There’s also another way we can tackle this regex substitution.

Instead of capturing the before and after parts of the line into numbered groups, we can segment those parts of the line into lookbehind and lookahead expressions.

These expressions must still be found for the overall regex to match. But they are no longer considered part of the matched string to be replaced.

Which means that we can shrink our replacement string to just the number!
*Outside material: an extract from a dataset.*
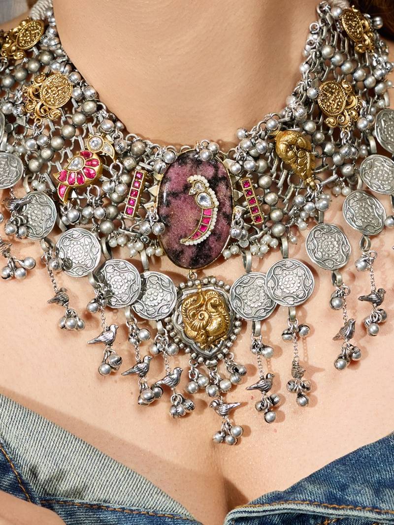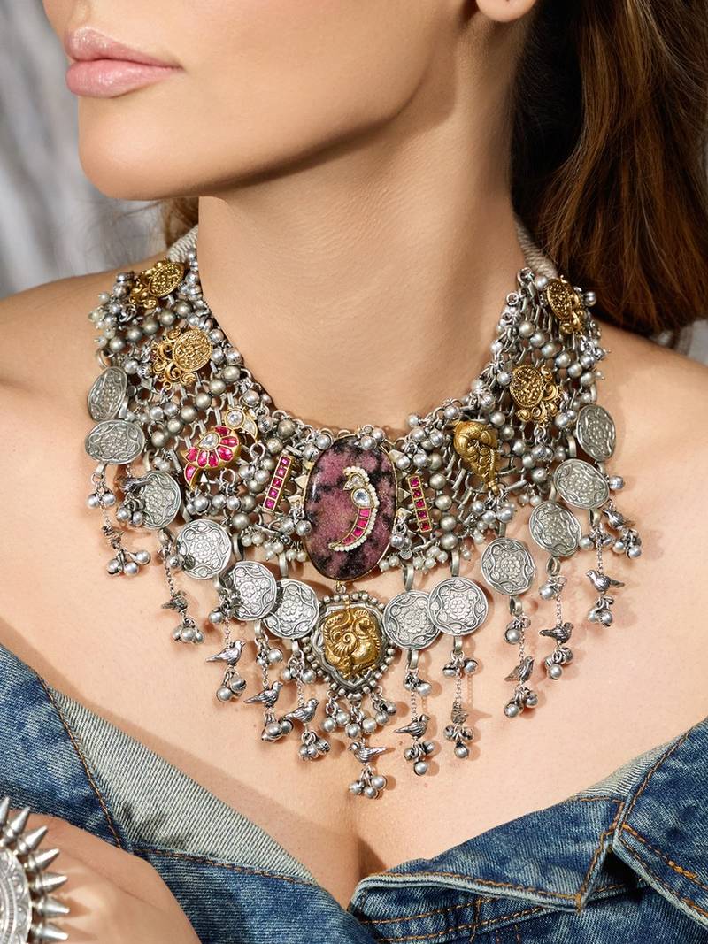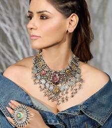 | Product Description | A Stunning Display Of Antique Elegance, This Oxidized Silver Necklace Features Floral Gold Accents And Intricate Danglers, Creating A Cascading Effect Inspired By Royal And Timeless Heritage Design.

ruby -pe 'BEGIN{sn=0}; sub(/(?<=^<!-- shot\()\d*(?=\) -->)/) { sn+=1 }'

The lookahead and lookbehind expressions narrow the scope of the replacement so we no longer have to rebuild the rest of the line.

One last thing. When I renumber the shots in the script, I don’t actually want to output the result to standard out or create a new file. I usually want to update the file in place.

Ruby gives us an easy way to do that as well!

If we supply the -i flag, Ruby updates the file in-place instead of spitting to standard out.

ruby -i -pe 'BEGIN{sn=0}; sub(/(?<=^<!-- shot\()\d*(?=\) -->)/) { sn+=1 }'

Checking the contents of the file, we can see it has been updated.

If we’re worried about accidentally messing up our file, we can also supply a backup file extension to -i.

ruby -i.bak -pe 'BEGIN{sn=0}; sub(/(?<=^<!-- shot\()\d*(?=\) -->)/) { sn+=1 }'

After running our command, the directory now contains a new backup file with the original unaltered contents.

ls example-script.*

And that is how we can use Ruby from the command-line to accomplish trivial, or even slightly less-than-trivial text rewrites. Happy hacking!